Decision Trees & Random Forests – Decision Trees use a branching methodology to make predictions just as the name would suggest. Each “branch” of the tree represents a decision made based on a prior decision, and a “leaf” node at the end of a branch represents a predicted class. They help make decisions under uncertainty, and also provide a nice visual representation of a decision situation (like deciding between classes). They also work well on categorical or even mixed data since they do not make any assumptions about the data or linearity. However, the accuracy of decisions generally goes down as the dimensionality of features go up and they generally do not work well for high dimensionality data sets. Random Forests generate multiple decision trees with different random samples of the data and then use the “most popular” prediction as the final output.

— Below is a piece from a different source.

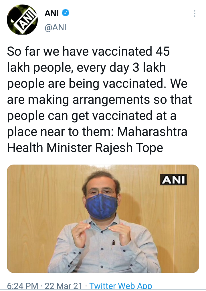 ते म्हणाले, राज्यात दररोज 3 लाख लोकांचे लसीकरण केले जात आहे. लसीकरणासाठी खासगी ठिकाणे वाढवली जात आहेत. त्याचबरोबर ग्रामीण भागात उपकेंद्रापर्यंत लसीकरणाच्या दृष्टीने लोकांना सुलभता व्हावी, यासाठी आम्ही व्यवस्था केली जात आहे.

Artificial Neural Network & Deep Nets – Finally, artificial neural networks represent an entire branch of research that uses simulations of biological neural networks to make decisions or make predictions using data. The basic anatomy of an ANN consists of an input layer containing the feature set that is being used to make predictions, an output layer which contains one or more “nodes” representing an output of the network (this could be, for example, multiple classes), and a series of hidden layers which transform the input to the output data. All nodes are connected by a weight, which is reinforced when a neuron reaches a threshold and “fires” to those nodes on the right. We compare the output to that in the training set, adjust the weights to reduce error, and then make another guess. An ANN keeps doing this until it feels it can’t decrease the error any more. “Deep Learning” networks are simply ANNs with a much higher number of hidden layers. ANNs are very computationally expensive, but work well when the feature space is complex and generalized decisions need to be made by detecting patterns that may or may not be detectable by humans. They have been shown to work very well in computer vision applications, and are popular in facial recognition and emotion detection as seen in the literature, however, due to their complexity and computation intensity I will not be using ANN’s in this response.

Selected Model: For this problem, I have ruled out traditional methods like Logistic Regression and Naïve Bayes and the more advanced and computationally intense methods of ANNs and Deep Learning networks. Decision Trees will become too complex with the high dimensionality of continuous variables, and while the KNN approach may also provide good performance, coming up with a meaningful definition of distance may be difficult. For an implementation with relatively good performance and moderate complexity, I will be implementing a linear Support Vector Classifier for this problem.

Major Steps:

(processor.py)

1) First, we use the OpenCV (Open Computer Vision) library which has a pre-trained model that detects the face from an image to extract JUST the face from the images in the JAFFE database and use the ‘glob’ package to sort those files into subdirectories labeled by emotion. We chose three emotions to focus on to reduce the problem space: happy, sad, and angry

(classifier.py)

2) Next, we initialize a face detector and landmark predictor class using the open source ‘Dlib’ library which contains a pre-trained model to extract landmark coordinates from a facial image. These are going to be the features we use to train the SVC to recognize emotion. The pre-trained models have learned to extract the landmarks of 68 unique landmarks on the face. Rather than compute distances to a centroid or anything complex, we will use the raw coordinate values as input features to the SVC.

3) For 10 iterations, we:

a. Pull the images from the emotion directories (happy, sad, angry)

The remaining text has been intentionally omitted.